## [About this exercise]
Exactly the lines from the one containing "14K WHITE GOLD" through the end of the data, and nothing more, should be retyped; pictures stay out.

## [Information shown]
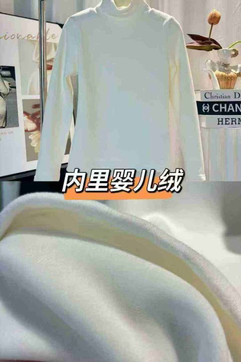 木耳边半高领打底衫女秋冬新款加绒保暖内搭外穿上衣,两个图片款
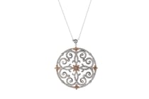 14K WHITE GOLD AND DIAMOND, DECORATIVE PENDANT...
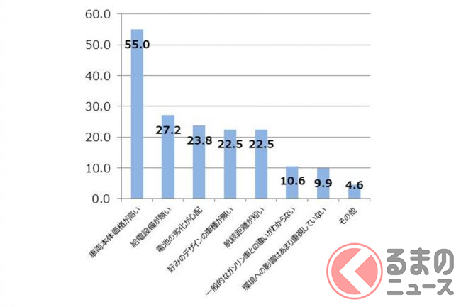 さらに、次世代車に魅力を感じない151名を対象に「次世代車に対して魅力を感じないと答えた理由として、当てはまるものをすべてお選びください」と質問したところ、最も多い55%が「車両本体価格が高い」と回答。ほかの選択肢と比較しても非常に高いスコアとなった。これらの調査結果から、次世代車普及において、車両価格が課題として挙げられることが明確となった。
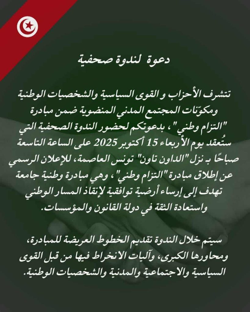“التزام وطني “، بدعوتكم لحضور الندوة الصحفية التي ستُعقد يوم الأربعاء 15 أكتوبر 2025 على الساعة التاسعة صباحًا بـ نزل “الداون تاون” تونس العاصمة، للإعلان الرسمي عن إطلاق مبادرة “التزام وطني”، وهي مبادرة وطنية جامعة تهدف إلى إرساء أرضية توافقية لإنقاذ المسار الوطني واستعادة الثقة في دولة القانون والمؤسسات.

## [Task response]
 14K WHITE GOLD AND DIAMOND, DECORATIVE PENDANT...
 さらに、次世代車に魅力を感じない151名を対象に「次世代車に対して魅力を感じないと答えた理由として、当てはまるものをすべてお選びください」と質問したところ、最も多い55%が「車両本体価格が高い」と回答。ほかの選択肢と比較しても非常に高いスコアとなった。これらの調査結果から、次世代車普及において、車両価格が課題として挙げられることが明確となった。
“التزام وطني “، بدعوتكم لحضور الندوة الصحفية التي ستُعقد يوم الأربعاء 15 أكتوبر 2025 على الساعة التاسعة صباحًا بـ نزل “الداون تاون” تونس العاصمة، للإعلان الرسمي عن إطلاق مبادرة “التزام وطني”، وهي مبادرة وطنية جامعة تهدف إلى إرساء أرضية توافقية لإنقاذ المسار الوطني واستعادة الثقة في دولة القانون والمؤسسات.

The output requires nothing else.